Why do we think that it’s going to somehow magically work like it always has, and kids are going to grasp concepts and grow dendrites as they always did, and we’re not just going to have to do this all over again when things get back to a place where children are secure enough to learn the way we’ve been teaching them in traditional school settings (which bears a second look, but whatevs.)

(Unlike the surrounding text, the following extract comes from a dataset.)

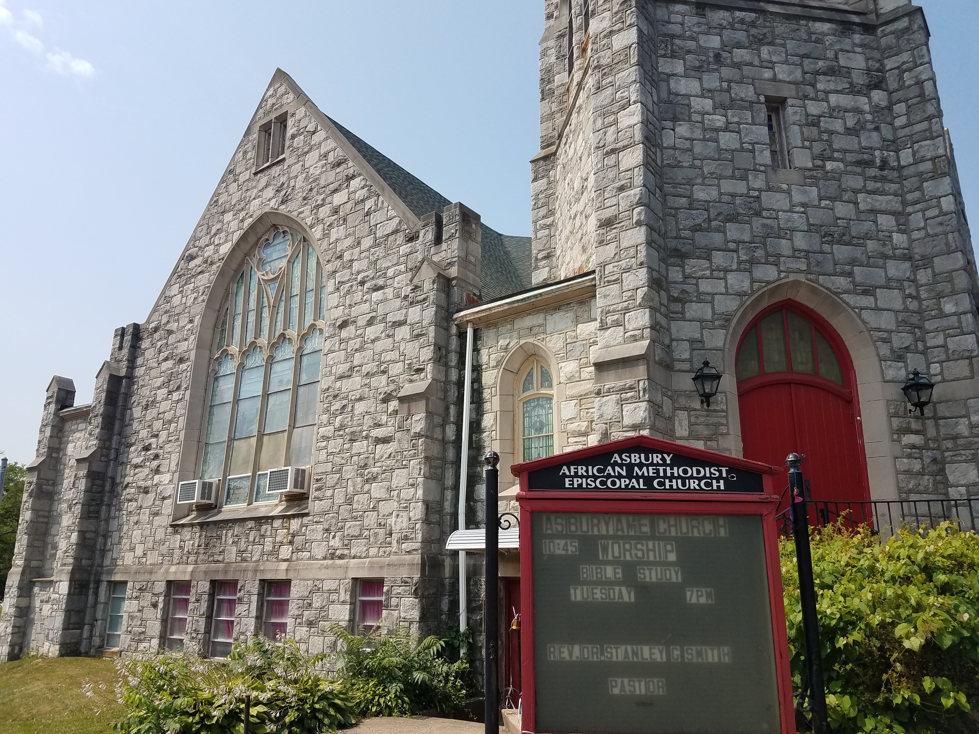 Photo of Asbury African Methodist Episcopal Church taken on July 3, 2018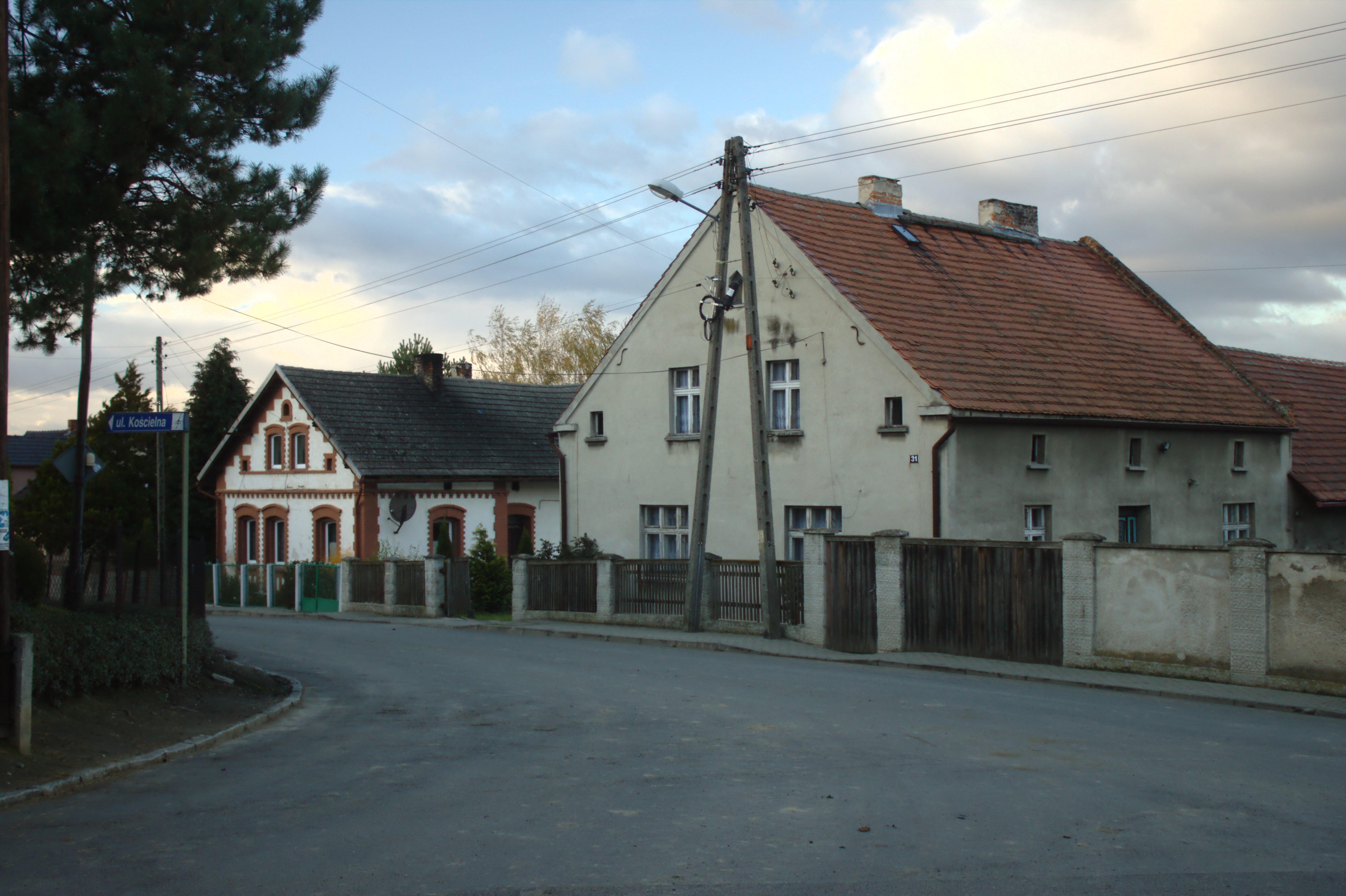 Buildings in Grzędzin, Poland

Since no one seems to be listening to the mental health experts that are saying that what kids need is a little TLC, less stress, and more freedom to just “be” this year (maybe it’s because all of their non-violent communication training makes them not loud enough to be taken seriously?) here we are getting ready to head back to an environment that is trying to create something that somewhat resembles education.
Throwing caution to the wind, and e-learning best practices out the window, most of our schools are, bless their hearts, trying to cobble together a schedule that makes everyone as happy, er, as un-pissed off as they can. Here in Texas, with parents as the ‘customers’ but with TEA holding our purse…we aren’t necessarily the customer schools are trying to make happy. It really seems like they’re just trying to keep us quiet.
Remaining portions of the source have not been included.